The core difference
A chatbot takes input, produces output, and stops. The interaction is turn-based: you send a message, it sends a message back. Between turns, nothing happens. The model does not run, does not check anything, does not update its state. ChatGPT, Claude.ai, Gemini — these are chatbots in this sense. Sophisticated, with long context windows and impressive reasoning, but they wait for you.
An agent is a process that runs continuously, maintains state, and takes actions. It can be given a goal and work toward it over time, across multiple steps, without you in the loop for each one. An agent can browse a website, notice something, write code to process it, run that code, and send you the result — all without being prompted at each step.
This gap is why enterprise investment is moving toward agents. Gartner projects 40% of enterprise applications will feature task-specific AI agents by 2028, up from less than 1% in 2024. The AI agent market was valued at $5.43 billion in 2024, growing at a 45.82% CAGR. McKinsey estimates early agentic deployments deliver 3-5% annual productivity gains. The numbers reflect a real shift: organizations are paying for automation that actually runs.

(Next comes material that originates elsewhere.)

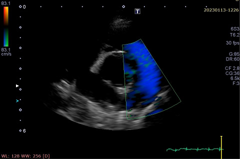 手術前(カラーモザイク状に見える部分が動脈管の血流)

Where chatbots are the better tool
Chatbots work well for tasks that genuinely benefit from conversational back-and-forth. Drafting an email where you want to respond to the draft in real time, exploring an idea through dialogue, getting a quick explanation of a concept — turn-based format is appropriate here and the low latency of a stateless model works in your favour.
Chatbots are also the lower-risk choice when the stakes of an incorrect action are high. If the model gives you a bad answer in chat, you see it immediately and correct it. If an agent executes a bad action — sends an email, deletes a file, makes an API call — the consequences are harder to undo. The human-in-the-loop that chatbots impose by design is actually a feature for certain categories of work.
Where agents are the better tool
Agents are better for repetitive structured work that should happen on a schedule without your involvement. Anything you do weekly or daily that follows a consistent pattern is a candidate — checking a feed and summarizing it, monitoring a dashboard and alerting on anomalies, processing a batch of data and updating a spreadsheet.
They are better for long-horizon tasks where the number of steps exceeds what you can sustain attention for in a single sitting. Debugging a complex codebase problem, doing deep research across 20 web sources, or systematically testing a list of hypotheses — these all benefit from autonomous step-by-step execution.
And agents run at 3am. Chatbots do not.
Why the confused terminology matters
When AI tools market themselves as 'AI agents' without having the actual capabilities — no tool use, no persistent state, no autonomous execution — it creates false expectations. Someone pays for a product expecting to delegate work and discovers they still have to be present for every step. The result is 40% of agentic AI projects failing due to inadequate foundations, per Cyntexa's 2026 survey of enterprise deployments.
Conversely, when people dismiss 'AI agents' because they remember the failures of early chatbot-based agent attempts from 2023 — systems that confidently executed incorrect multi-step plans without any self-correction — they miss how much the technology has matured. Modern agents with proper tool verification, checkpoint-based rollback, memory of past mistakes, and human-approval gates behave quite differently. Research shows agents resolve 70-85% of defined tasks without escalation, versus 30-40% for chatbots.
The middle ground: tool-augmented models
There is a spectrum between pure chatbots and full agents. ChatGPT on the $200/month Pro plan now includes Agents mode (previously called Operator) for autonomous web tasks — but it is US-only and still session-scoped. Claude with computer use can control a browser. GPT-5.4 ships with native computer-use capabilities. These are more capable than bare chatbots but still not persistent: they do not run on schedules, do not maintain long-term memory by default, and cannot execute work while you are offline.
For many people, this middle ground covers the need. The step up to a fully autonomous persistent agent is significant in setup complexity and the trust required to let a system act for you. Middle-ground tools have lower friction and are appropriate for tasks that are inherently conversational or single-session in nature.